There are some old cases in Maryland which seem to hold the contrary. The law of Maryland, however, has been expressly changed by statute. Schapiro v. Chapin, 159 Md. 418, 151 A. 44, at page 47.

It is clear, therefore, that under the undisputed facts of this case the broker has earned his commission.

The other matters must be adverted to. During the trial the defendant sought to interject the issue that the proposed purchaser was not financially able to consummate the purchase. Counsel for the plaintiff objected to the introduction of this issue on the ground that it was not comprised within the pretrial order. The Court was of the opinion that this objection was well founded. It must be borne in mind that one of *642 the principal purposes of pretrial is to crystallize and formulate the issues to be tried and to present a complete statement of all of the contentions of the parties as to the law and fact. Any contention not presented at pretrial may not be raised at the trial.

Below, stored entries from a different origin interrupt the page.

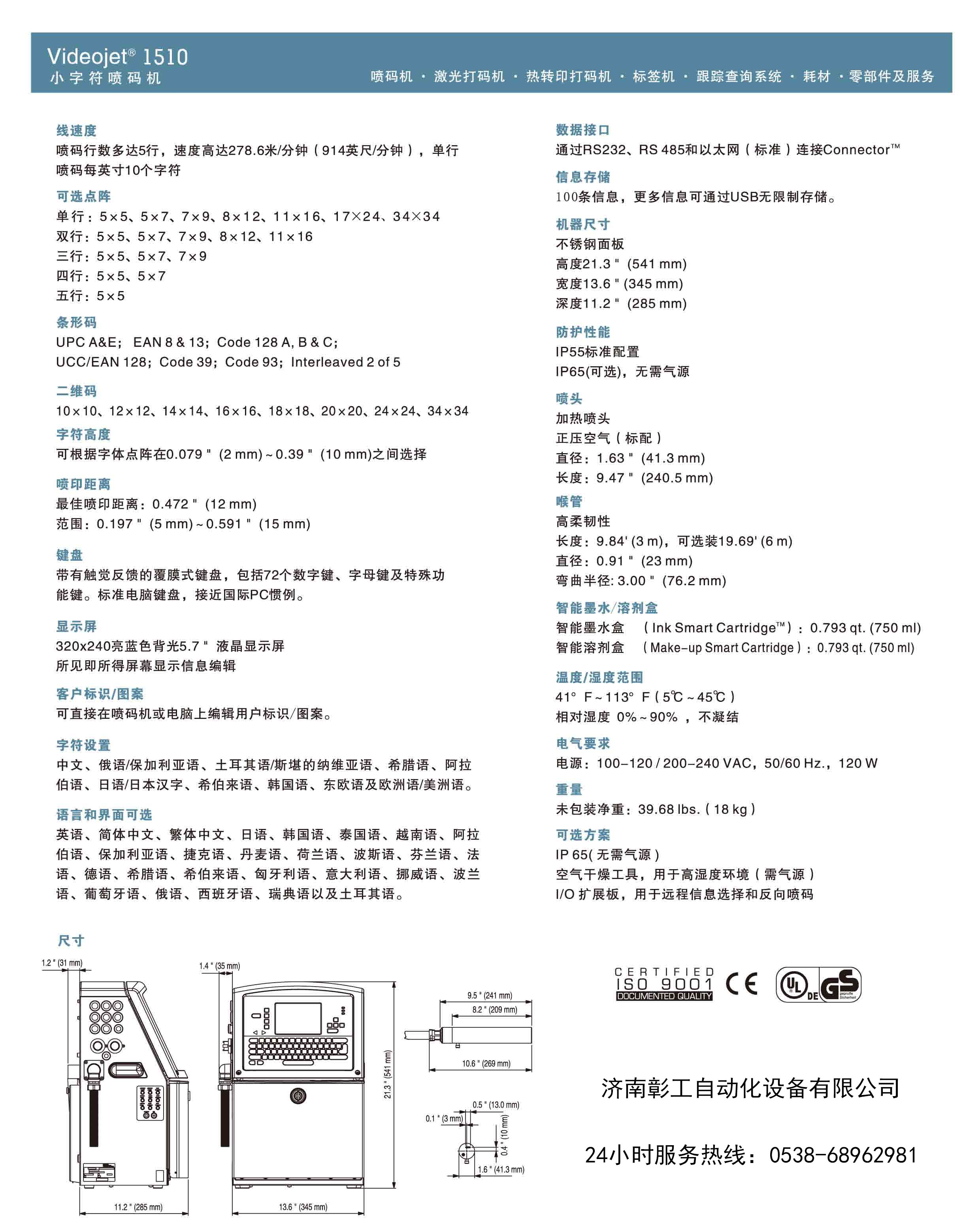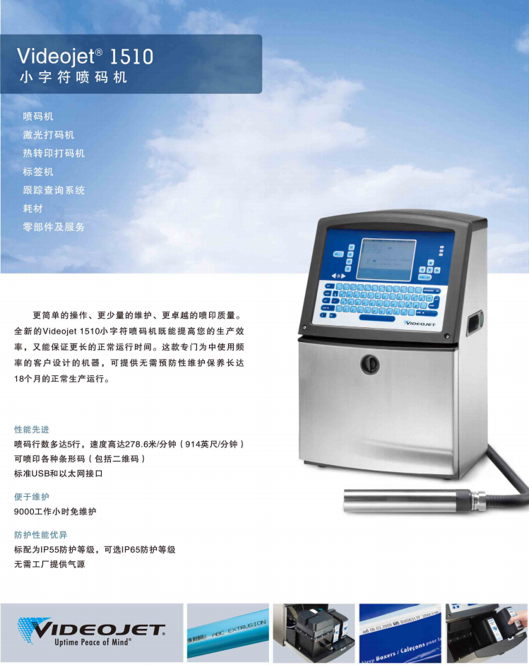 先進(jìn)的技術(shù)提升了產(chǎn)能 偉迪捷全新推出的1510小字符噴碼機(jī)是新一代1000系列產(chǎn)品打中最先問世的產(chǎn)品。相對之前的標(biāo)識設(shè)備,此款新小字符噴碼機(jī)提供了更長的無故障運(yùn)行時間和更優(yōu)質(zhì)的噴印效果。偉迪捷1510小字符噴碼機(jī)是為每天噴印16到20小時/一個星期六天的中使用頻率客戶設(shè)計的,可以適用于食品、飲料、化學(xué)、制藥和個人護(hù)理/化妝品行業(yè)。通過USB接口整合偉迪捷1510噴碼機(jī)的操作非常簡單,容許進(jìn)行熱插拔和信息備份。可通過Connector軟件和以太網(wǎng)輕松實(shí)現(xiàn)遠(yuǎn)程控制和診斷,便于實(shí)時進(jìn)行簡單的信息變更。故障檢修也可以通過操作界面上的“ i”鍵輕松實(shí)現(xiàn);通過彈出的窗口幫助操作員評估并解決問題。 特有的噴頭能根據(jù)環(huán)境變化自動設(shè)置和調(diào)節(jié)噴印參數(shù),即使在惡劣的環(huán)境下也能始終保持優(yōu)異的噴碼質(zhì)量。 偉迪捷(上海)噴碼機(jī)有限公司推出的創(chuàng)新型偉迪捷 1510小字符噴碼機(jī),不僅為標(biāo)識性能樹立了更高的標(biāo)準(zhǔn),還能達(dá)到最大正常運(yùn)行時間。偉迪捷1510 小字符噴碼機(jī)易于操作,擁有直觀的用戶界面和簡化的墨路系統(tǒng),配備業(yè)界首個帶有微芯片的油墨瓶,稱為“智能墨盒”(Smart Cartridges)。特有的噴頭能根據(jù)環(huán)境變化自動設(shè)置和調(diào)節(jié)噴印參數(shù),即使在惡劣的環(huán)境下也能始終保持優(yōu)異的噴碼質(zhì)量。 “偉迪捷1510小字符噴碼機(jī)的設(shè)計靈感直接來自偉迪捷廣大客戶的反饋意見 ,他們表示生產(chǎn)線正常運(yùn)行時間和持續(xù)高品質(zhì)噴碼是他們所關(guān)注的,”偉迪捷小字符噴碼產(chǎn)品經(jīng)理說:“偉迪捷為此推出了“智能”化的小字符噴碼機(jī),能真正消除操作員的失誤,延長兩次維修之間的間隔期,毫不費(fèi)力地實(shí)現(xiàn)最大正常運(yùn)行時間。” 偉迪捷1510小字符噴碼機(jī)是食品、飲料、化工、制藥及個人護(hù)理/化妝品等行業(yè)的理想設(shè)備。這是偉迪捷1000系列新型小字符噴碼機(jī)中最先發(fā)布的產(chǎn)品。 無污染、無浪費(fèi)、無錯誤 偉迪捷1510 小字符噴碼機(jī)配有業(yè)界首個智能墨盒,這是一個帶有微芯片功能的油墨瓶,能夠判定所安裝的油墨是否正確,防止油墨類型錯誤或溶劑和墨水安裝錯誤。智能墨盒形狀獨(dú)特,能夠完全耗盡油墨,不留一點(diǎn)殘余,從而進(jìn)一步實(shí)現(xiàn)成本節(jié)約。其針狀隔膜設(shè)計使操作員不必手動注入油墨,從而防止油墨溢出和浪費(fèi)。 集成機(jī)芯將噴碼機(jī)的關(guān)鍵墨路系統(tǒng)元件集成為一個部件,對于中使用頻率應(yīng)用而言,只需每隔9000小時或每隔18個月進(jìn)行一次預(yù)防性維護(hù)。用戶界面上的倒計時表可以顯示還剩多少時間必須更換機(jī)芯。機(jī)芯更換操作簡便,不會造成混亂;其設(shè)計能使客戶在30分鐘之內(nèi)自行完成更換,不需要技術(shù)人員親自到現(xiàn)場更換。 始終保持優(yōu)異的噴碼質(zhì)量 噴碼機(jī)在極其多樣的環(huán)境下工作,因此偉迪捷研制了動態(tài)校準(zhǔn)(Dynamic Calibration)功能。 “條件極熱或極冷會對油墨粘度造成干擾,從而影響噴碼質(zhì)量,” 偉迪捷小字符噴碼產(chǎn)品經(jīng)理說:“偉迪捷1510噴頭能根據(jù)環(huán)境變化自動調(diào)節(jié),無論當(dāng)前條件如何,都能保持噴碼質(zhì)量的一致性。這意味著操作員不需要花更多的時間人工調(diào)整噴頭! 通過USB接口整合偉迪捷1510小字符噴碼機(jī)的操作非常簡單,容許進(jìn)行熱插拔和信息備份?赏ㄟ^Connector軟件和以太網(wǎng)輕松實(shí)現(xiàn)遠(yuǎn)程控制和診斷,便于實(shí)時進(jìn)行簡單的信息變更。故障檢修也可以通過操作界面上的“ i”鍵輕松實(shí)現(xiàn);通過彈出的窗口幫助操作員評估并解決問題。 偉迪捷1510噴碼機(jī)參數(shù): 噴印速度:噴碼機(jī)行數(shù)多達(dá)5行,單行速度高達(dá)278.6米/分鐘(914英尺/分鐘) 可選點(diǎn)陣: 單行(5×5、5×7、7×9、8x12、11×16、17x24、34x34) 雙行(5×5、5×7、7×9、8x12、11x16) 三行(5×5、5×7) 四行(5x5、7x7)五行(5x5) 可根據(jù)字體點(diǎn)陣在0.079〞(2mm)-0.39(10mm)之間選擇 噴印距離: 最佳噴印距離0.472〞(12mm), 范圍0.197〞(5mm)-0.591〞(15mm) 鍵盤: 標(biāo)準(zhǔn)電腦鍵盤,包括72個數(shù)字鍵、字母鍵及特殊功能鍵 顯示屏: 320×240亮藍(lán)色背光5.7〞液晶顯示屏,所見既所得屏幕顯示編輯信息 客戶標(biāo)識/圖案: 可直接在噴碼機(jī)或用VJ專用軟件在電腦上編輯用戶標(biāo)識/圖案 字符設(shè)置; 中文、日語/日文漢字、韓國語、阿拉伯語、希伯萊語、俄語、保加利亞語、土耳其語/斯堪的納維亞語、希臘語、東歐語及歐洲語/美洲語。 語言可界面可選: 簡體中文、繁體中文、日語、韓國語、越南語、泰國語、阿拉伯語、英語、保加利亞語、捷克語、丹麥語,德語、芬蘭語、法語、匈牙利語、意大利語、挪威語、波蘭語、葡萄牙語、俄語、西班牙語、瑞典語和土耳其語。 機(jī)器尺寸: 不銹鋼機(jī)箱,高21.3〞(541mm),長13.6〞(345mm), 寬11.2〞(285mm) 防護(hù)等級: IP55 噴頭: 加熱噴頭 直徑1.63〞(41.3mm),長度9.47〞(240.5mm) 喉管: 高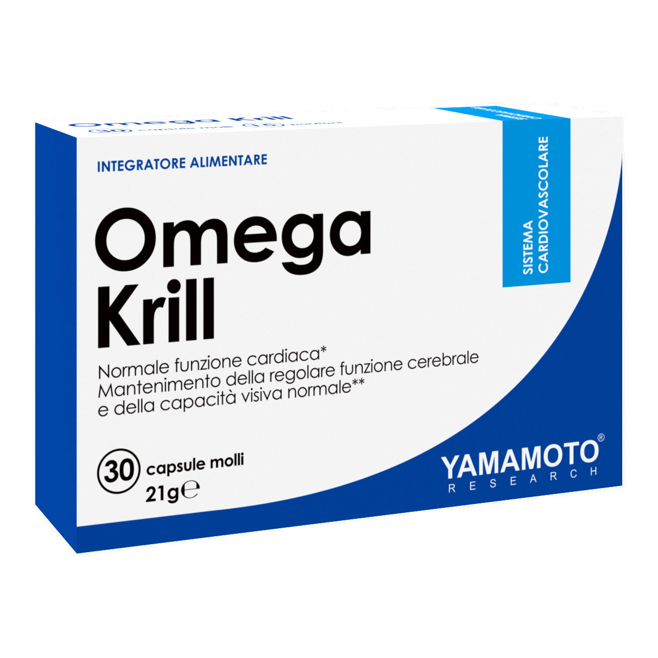 Yamamoto® Research Omega Krill è un integratore alimentare a base di olio di krill antartico ricco di acidi grassi Omega-3, in particolare EPA e DHA. L’EPA e il DHA contribuiscono alla normale funzione cardiaca* (l’effetto benefico si ottiene con l’assunzione giornaliera di 250 mg di EPA e di DHA). Inoltre il DHA contribuisce al mantenimento della regolare funzione cerebrale e della capacità visiva normale** (gli effetti benefici si ottengono con l’assunzione giornaliera di 250 mg di DHA).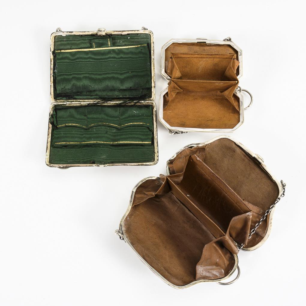 Elegant pouches on short chain, 1x with monogram engraving "WE". Partly heavily dented.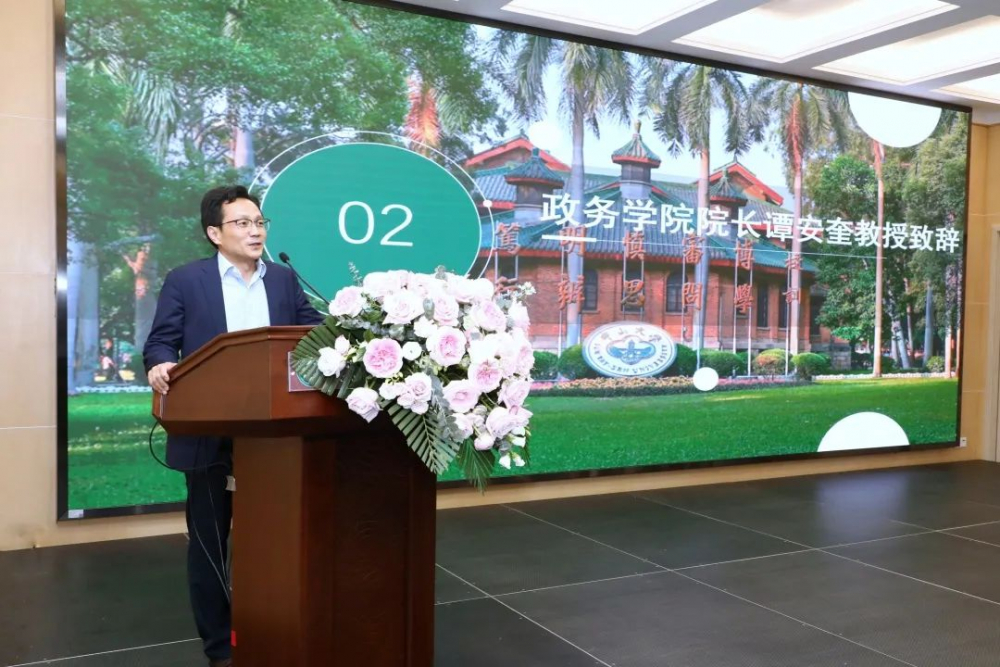 政务学院院长谭安奎教授作开场致辞。他表示,推动“中国之治:叙事·对话”项目,意在化解公共治理领域中学术研究与人才培养的焦虑,尤其是鲜活的实践经验跟既定的知识系统之间的张力。学院希望通过这个项目,同时克服经验的自负和知识的傲慢,让双方在持续互动中共同受益。谭安奎院长指出,该项目疫后重启,体现了政务学院持续推进这个项目的决心和意志。他表示,随着数字化和人工智能时代的到来,政治学和公共管理学两大学科的传统知识图景正在遭遇诸多挑战,而黄磊副总裁所选定的报告主题,一定会为我们理解数字时代的政府治理,甚至在一般意义上理解中国的政治-经济关系提供特别的启发。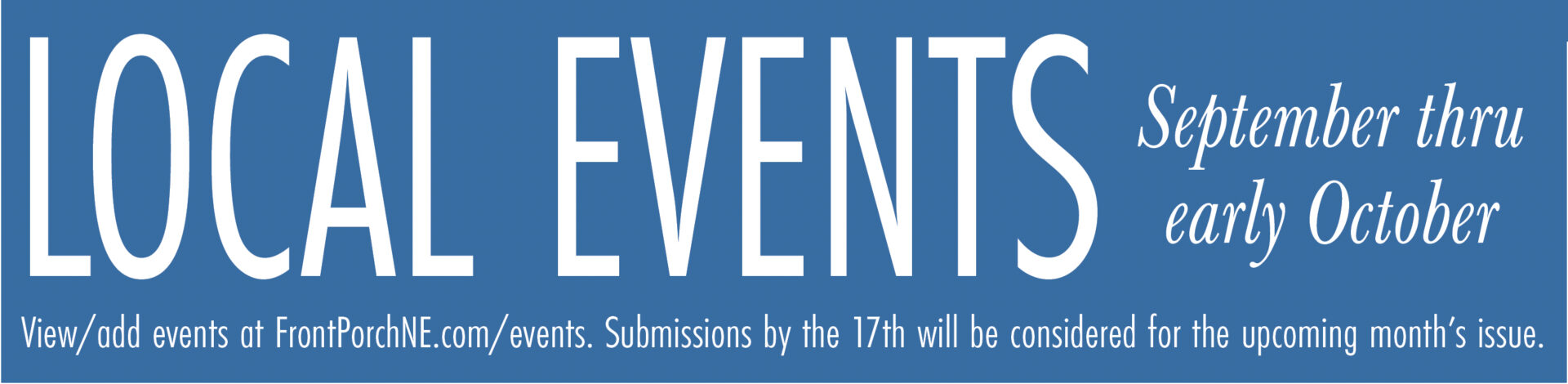 Listings at www.FrontPorchNE.com —> Events (tab) —> Ongoing Events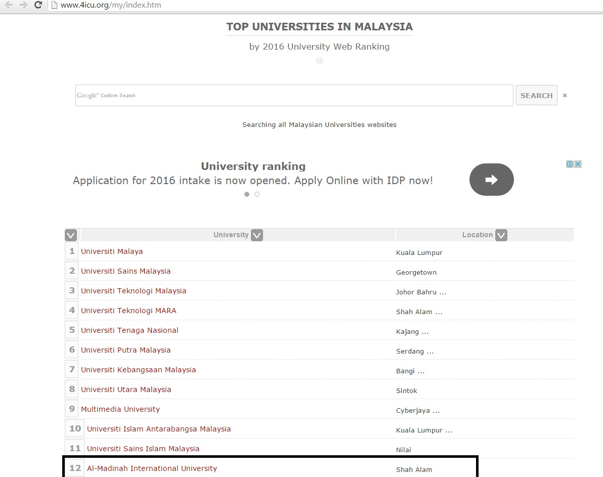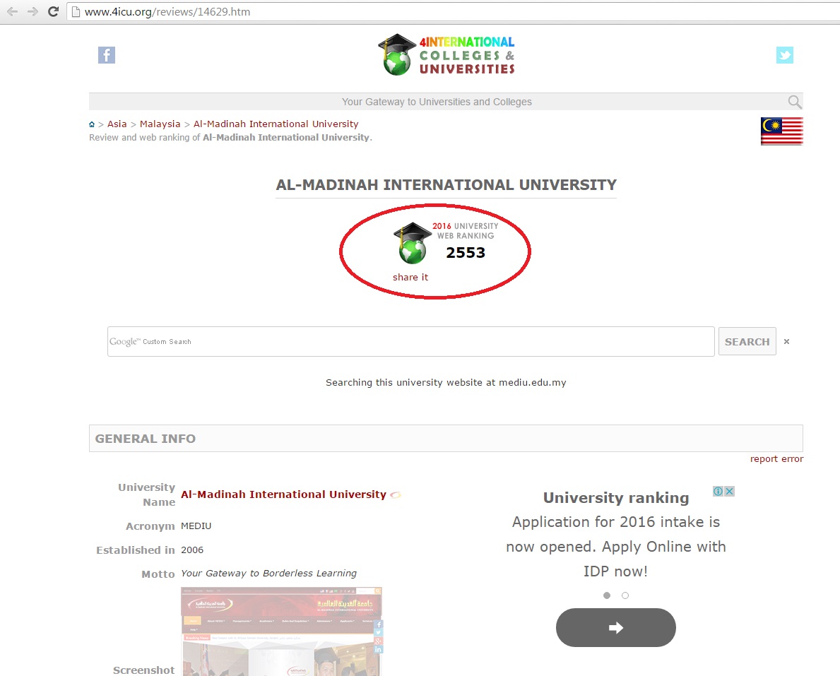 Al-Madinah International University (MEDIU) has got through the classification results of according to the Australian Classification of Universities and International Institutes (4ICUs) for April 2016; with the results of 6th place among universities in Selangor, 2nd place for district of Shah Alam. MEDIU ranked 12th in the Malaysian universities in general and place 2,553th place for worldwide universities.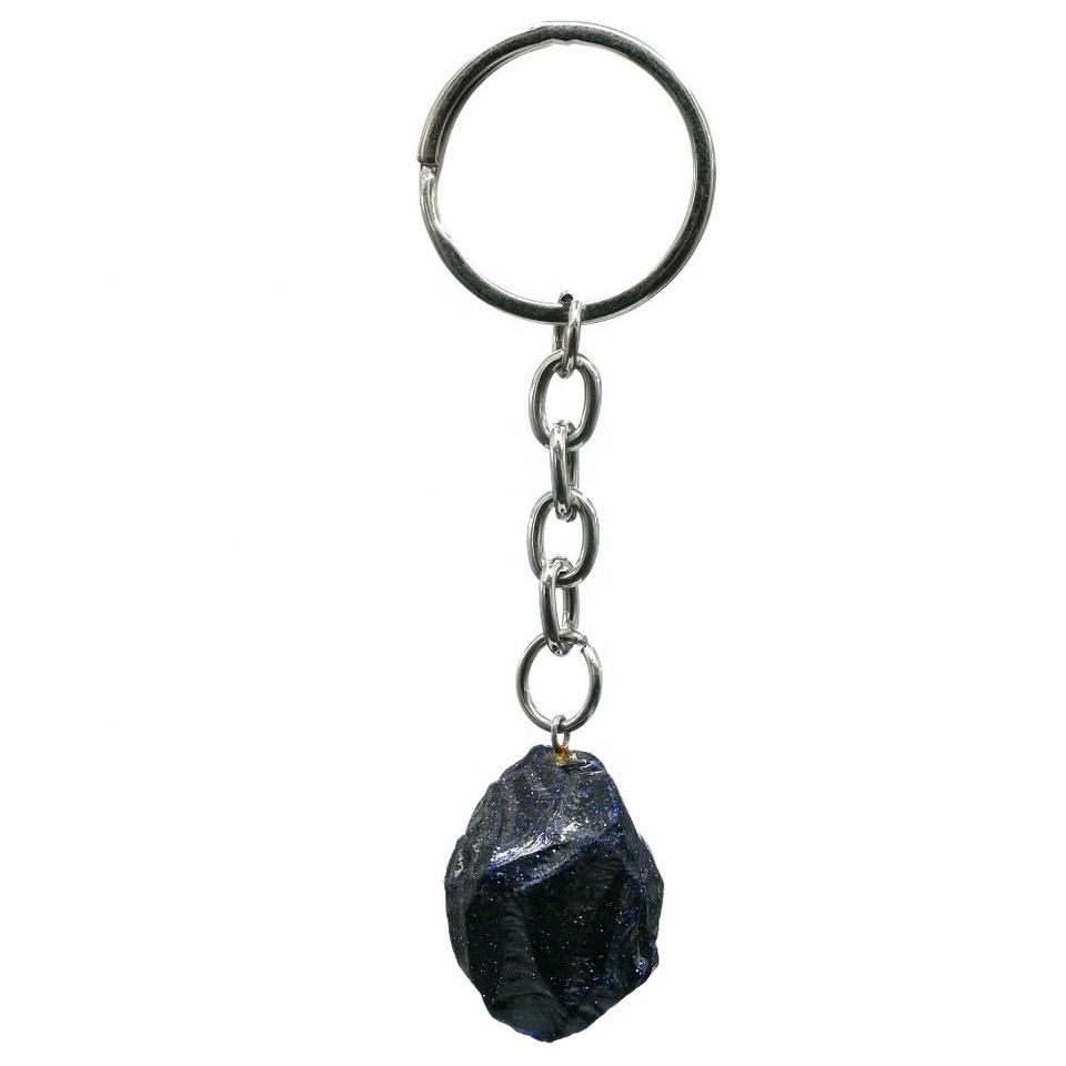 Raw Natural Blue Goldstone Crystal Keychain for Creativity and Inspiration Wholesale Raw Blue Goldstone Crystal Keychains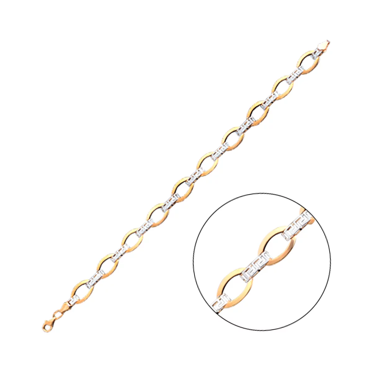 Браслет из комбинированного золота плетение якорь - 384011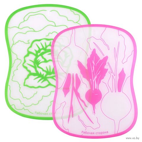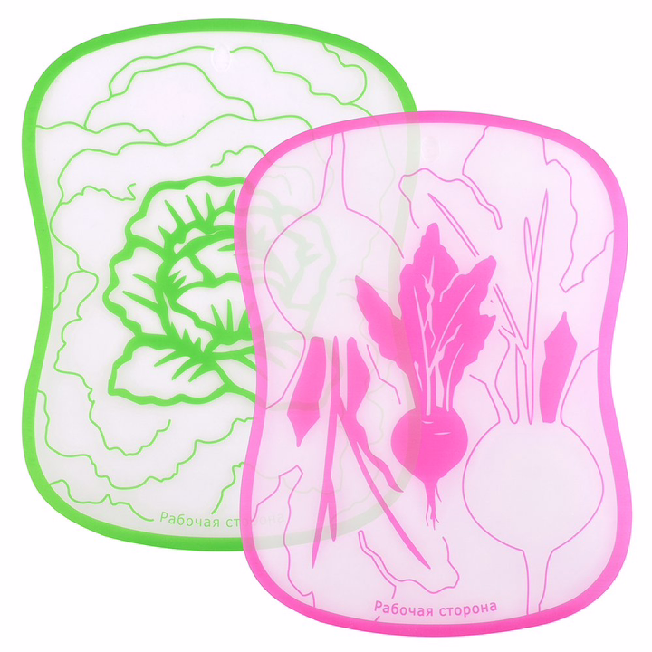 Приятный дизайн изделия дополнит интерьер помещения. Изделие выполнено в 2-х вариантах – салатовом и свекольном. На каждом изделии подписана рабочая сторона, на которой нужно резать продукты. После использования доски рекомендуется тщательно помыть мягкой губкой с использованием моющих средств. Изготовлена из пластмассы (полипропилен).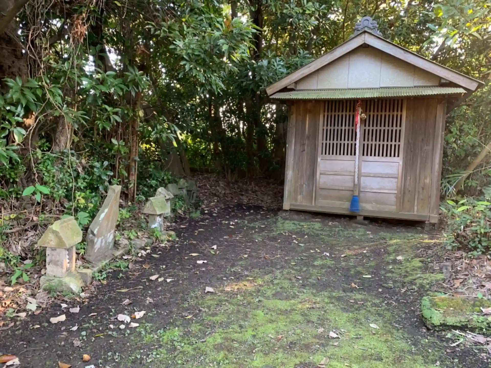 線路沿いの小さな神社。奥にもう一つ鳥居があります。狛犬の作者は佐生竹太郎。

Counsel for the defendant then asked leave to amend the pretrial order in order to raise this issue. Again, counsel for the plaintiff objected on the ground that this was an afterthought and that he was not prepared to meet the issue. Again the Court was of the opinion that the objection was well founded. On the other hand, the Court felt that, as a matter of justice, all of the issues in the case ought to be disposed of and that if there were any substantial defense to the claim, an opportunity ought to be accorded, even though belatedly, to assert it, provided this could be done without prejudice to the plaintiff's rights. The Court then ruled that it would permit the amendment to the pretrial order, but would grant an application of the plaintiff either for a mistrial or for a continuance of the trial for two or three days, in order to give the plaintiff an opportunity to prepare to meet the new issue. Counsel for the plaintiff concluded, however, that he would not take advantage of this ruling of the Court but preferred to go on with the trial.

He evidently made a wise choice because when the smoke of battle cleared and both parties rested, there was no substantial evidence in support of the contention that the prospective purchaser was not financially responsible.

There is one other matter to be considered. The amount of the commission to which the plaintiff is entitled is $7,000. Subsequently, the plaintiff wrote a letter to counsel for the defendant in which he agreed to accept as his commission the sum of $3,000 in cash at the time of settlement and the balance of $4,000 in the form of a note secured by a third trust. It will be observed that this agreement does not change the amount of the commission due but merely the manner of its payment. Obviously, a note for $4,000 secured by a third trust can no longer be given since the evidence shows that the defendant no longer owns the property and, therefore, is unable to place a third or any other trust on it. The obligation to pay a commission in the sum of $7,000 is in no manner changed by this letter.

In the light of this discussion the Court rules that the plaintiff is entitled to recover his commission on the admitted facts and a verdict in his favor for the sum of $7,000 will be directed.